三日月のように口角を上げ、笑い声をあげたかと思えば、ぴたりと固まった。

「あんま顔近づけんな。臭うんだよ、おっさん」

「———っ」

 ギラギラとしたその目はさっきまでとはまるで違い、思わず振り落とした。

「———この世全ての水は海神に帰す。ラノメノ教もグラシアール教も俺は知ったこっちゃないがな。海神ルカは存在するぜ」

 どういうことだ。流した血は止まり、刺したはずの左腕も剣を握れる程に回復している。

「そういや、あんたに聞きたいことがあった」

 少し驚かせたぐらいで優位に立ったとでも思っているのか、べらべらと喋り始めた。

「あのサンディ、ってやつが………。オスカーとカルマを、襲ったのか?」

「あん?」

 どうでもいいことを偉そうに。どこまでも俺をイラつかせる奴だ。

「俺がそんなこと知るわけ、ねえだろうが!」

 ジョラスは奪ったナイフを投げつけ、それを弾いた奴の懐に剣を突き立てんと踏み込んだ。それを素手で難なくいなしたアリスタは、手首を捻らせシャムシールを構えた。

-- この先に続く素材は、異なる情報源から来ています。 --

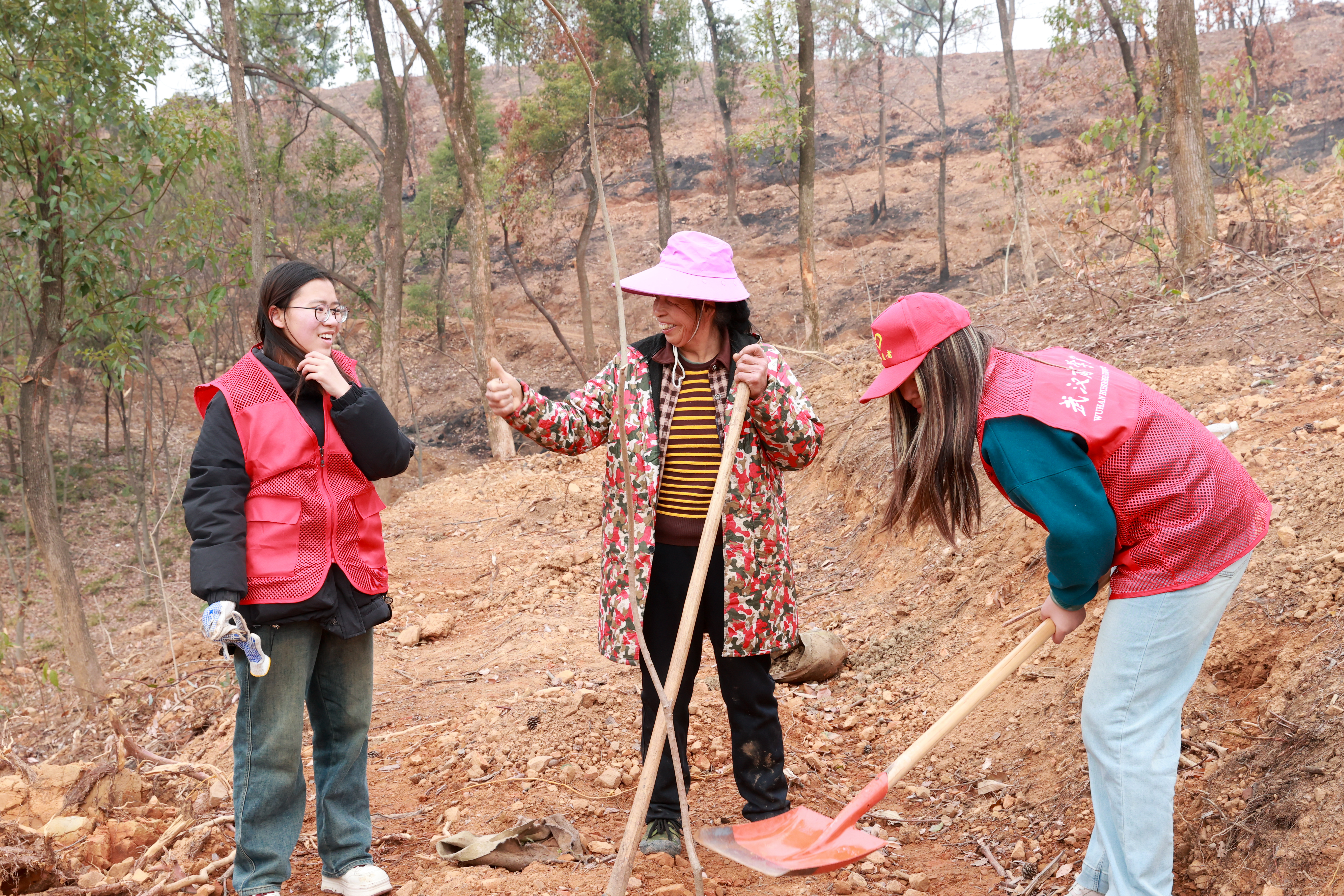 志愿者们自由分成几个小组,每个小组拿着一把铁锹和一棵小树苗来到提前挖好的坑前准备植树。“虽然坑已经挖好了,但是还需要再深挖一下,里面有很多石块比较难挖,多亏了当地阿姨们拿锄头帮我们一起完成。”当地的两位女同志拿着锄头穿梭在志愿者们的树苗间,帮助他们一起完成挖坑、栽树、填坑,一系列动作行云流水,大大提高了志愿者们植树的效率。“填平之后还要用土在树苗的周围围起来,这样‘中间低、四周高’的树坑便于浇水后储水。”在帮助志愿者们的同时,一位女同志还细心地向大家分享了植树的小技巧。

「だろうな。あんたは所詮、ネズミの一匹にしか過ぎない。ネズミを操る笛吹野郎に踊らされてるだけだ。まあ、あんたみたいに卑しい奴がダンスの一つも踊れるとは思えないけどな!」

 さっきまでの鈍足とは打って変わって剣技に冴えが出て、

 軋む音にジョラスは驚愕の声を上げた。

「———なにっ」

 剣にヒビが入っただと?

 たかが海賊のガキが持つ剣が王都の騎士が使う剣に勝るというのか。

「何の細工をしやがった!」

「言っただろ? 俺には海神の加護があるって」

「調子乗んじゃねえぞ!」

 アリスタは不適に笑い、激昂したジョラスはヒビが入ったままの剣でアリスタの剣を弾き飛ばした。宙を舞った剣を見たジョラスはにたりと笑みを浮かべ、好機とばかりに踏み込むが、アリスタは立ち尽くしたまま。

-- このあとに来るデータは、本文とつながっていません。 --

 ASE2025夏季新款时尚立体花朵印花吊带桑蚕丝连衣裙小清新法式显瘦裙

「悔しいけどな、あんたには力じゃ叶わねぇことぐらい分かってんだよ!」

 体を背面に倒したアリスタの真上を銀の光を放つ物が一直線に飛び、それはジョラスの肩へと刺さった。

「———っ、があ!」

 それが矢だと分かり、ジョラスは上を警戒した。

 間髪入れずに放たれる二射目を弾き、ただの威嚇かと呆れた瞬間、見えない三射目が右の腿を貫いた。

―――(デコイ)だと!

 魔術ではない。同じ軌道上に次の矢をつがえてすぐさま放っただけの古典的な弓術。剣で弾くことを強制的に促し、死角に入った矢を確実に当てに来た。

「どこだ! どこから狙ってきてやがる! っ!」

 この方角、あり得ねえ。

 この高さには隣の街角の塔があるだけだ。

―――馬鹿な。

 この距離で弓矢を使える奴を、元から配置していたというのか。こちらからは狙撃手が逆光で見えない、逃げ場のない場所。

「この、ハメやがったな、クソガキ!」

「みっともなく叫ぶな。まんまとハマってくれてありがとよ、おっさん!」

「————っ、くそがあ!」

 まるで吸い込まれるように、矢が次々とジョラスに命中していく。

 両足、背中。

 ジョラスは足の矢を無理矢理引き抜いて、這うようにして広場から逃げ出した。